У существовавших около 1905 года ученых, которые открыли малую часть того, что затем вывел Эйнштейн, не было шансов сравниться с ним. Пуанкаре подошел к его результатам ближе, чем кто бы то ни было, но, когда потребовалось разрушить обычные наши представления о потоке времени или природе одновременности, спасовал, оказавшись не способным разобраться в выводах из столь новых воззрений.

Но почему же успех выпал именно на долю Эйнштейна? Так и хочется сказать: да просто потому, что он был умнее всех. Однако среди бернских друзей Эйнштейна имелись личности высоко интеллектуальные, существовали и люди, такие как Пуанкаре, для которых в тестах, позволяющих определять коэффициент интеллекта, попросту отсутствовали оценки достаточно высокие. Торстейн Веблен написал однажды любопытное маленькое эссе, в котором указывается, на мой взгляд, причина более глубокая. Предположим, говорит Веблен, что ребенка учат следующему: все, сказанное в Библии, чистая правда. Затем он попадает в среднюю школу или в университет и слышит, что никакой правды там нет. «То, что вы узнали, сидя на коленях матери, полностью не верно. А вот то, чему мы научим вас здесь, будет полностью верным». Кто-то из учащихся сказал бы: «Ну и ладно, согласен». Однако нашлись бы и другие, в итоге проникшиеся подозрениями. Один раз их уже одурачили, заставив целиком принять на веру традиционный мир. И оказаться одураченными снова они не хотят. Они будут изучать то, что им предлагают, но отнесутся к нему критически, как всего лишь к одной из возможностей. Эйнштейн был евреем и хоть в своей обычной семейной жизни традиций этого народа не соблюдал, он оставался пропитанным культурой, воззрения которой на личную ответственность, справедливость и веру в авторитет отличались от стандартного немецкого и швейцарского консенсуса на сей счет.

Однако дело не только в этом. Еще маленьким мальчиком Эйнштейн заинтересовался тем, как работает магнит. И родители, вместо того, чтобы посмеяться над ним, отнеслись к его интересу с полной серьезностью. А действительно, как работает этот самый магнит? Должна же существовать какая-то причина его поведения, и в основе этой причины должна лежать другая причина, и быть может, если проследить всю их цепочку, ты доберешься до… до чего?

Какое-то время в семье Эйнштейна имелся очень ясный ответ на этот вопрос. В пору, когда росли его деды и бабушки, большинство евреев Германии еще оставалось близким к традиционной вере. То был мир, пропитанный Библией и одновременно вполне рациональными, накопленными поколениями результатами анализа Талмуда. В этом мире считалось важным добраться до границы уже известного и постараться постичь еще более значительные формы, которые Бог предписал нашему миру.
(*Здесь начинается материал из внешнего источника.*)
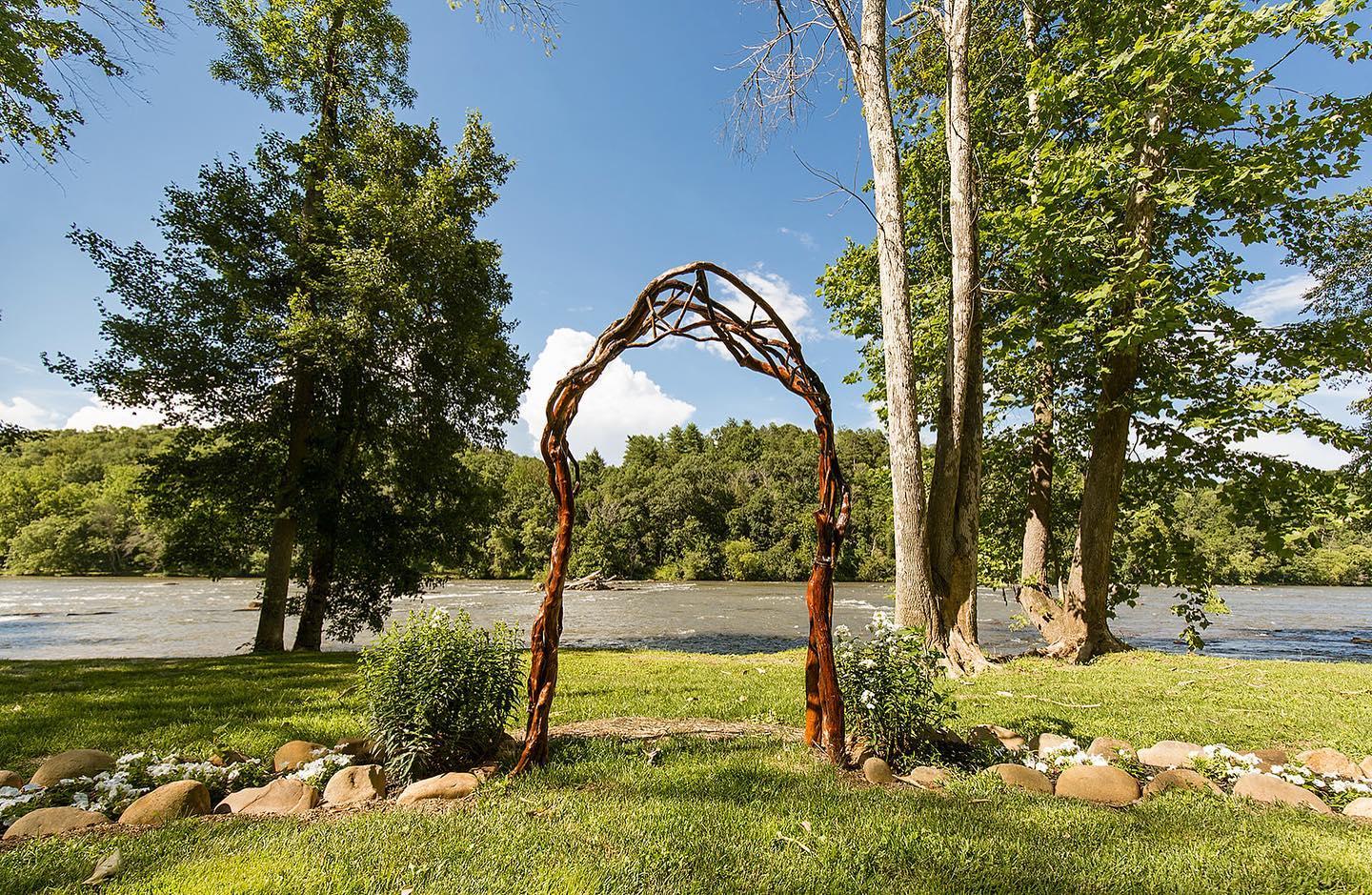 Olivette Riverside Community and Farm is located along the French Broad River at 1069 Olivette Road, Asheville, NC. Just 6.7 miles from downtown, Olivette’s 346 acres of natural beauty offers every element of an unforgettable event. You and your guests will be surrounded by the sights and sounds of nature: the rushing river, the birds, the breeze in the gently swaying trees, while at the same time enjoying the rustic comfort of our outdoor pavilion and fireplace, fire pit amphitheater, private island and beautiful wedding circle.

В отрочестве Эйнштейн пережил период напряженной религиозности, хотя ко времени учебы в средней школе Аарау буквалистская вера его покинула. Однако стремление понять самые глубокие основы осталось при нем, как и уверенность в том, что, сумев добраться до них, ты увидишь нечто величественное. Существовала ожидающая нас «ниша», в которой все объяснялось умопостижимым, рациональным образом. Одно время ее заполняла религия. Однако не составляло труда расширить эту нишу так, чтобы она вместила и науку. Эйнштейн питал сильную веру в то, что ответы существуют, что они лишь ждут, когда их обнаружат.
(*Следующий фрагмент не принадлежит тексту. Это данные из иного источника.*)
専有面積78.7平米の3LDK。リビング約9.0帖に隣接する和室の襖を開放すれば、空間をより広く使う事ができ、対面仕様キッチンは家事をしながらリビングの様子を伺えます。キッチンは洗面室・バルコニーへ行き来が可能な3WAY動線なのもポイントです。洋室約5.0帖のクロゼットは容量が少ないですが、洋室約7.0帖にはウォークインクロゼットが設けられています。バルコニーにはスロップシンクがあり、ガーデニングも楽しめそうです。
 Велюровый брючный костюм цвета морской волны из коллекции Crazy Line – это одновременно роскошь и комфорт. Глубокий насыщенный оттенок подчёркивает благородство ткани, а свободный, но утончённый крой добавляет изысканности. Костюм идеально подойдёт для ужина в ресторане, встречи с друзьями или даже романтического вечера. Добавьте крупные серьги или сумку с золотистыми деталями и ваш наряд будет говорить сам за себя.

Помогало и то, что у Эйнштейна имелась возможность заниматься развитием своих идей. Работа в патентном бюро означала, что у него отсутствует необходимость печь как блины научные статьи («соблазн поверхностности, — писал Эйнштейн, — противиться которому способны лишь сильные люди»), что он может заниматься своими идеями столько времени, сколько ему потребуется. И самое главное, в него верила семья, а это очень сильное подспорье для веры в себя, — к тому же, родные подбодряли Эйнштейна шутливо и словно бы между делом. Именно это и требовалось, чтобы «сделать шаг назад» от привычных допущений и представить себе такие странные вещи, как космический корабль, пытающийся пробиться сквозь световой барьер, или человека, который гонится за улепетывающим от него лучом света.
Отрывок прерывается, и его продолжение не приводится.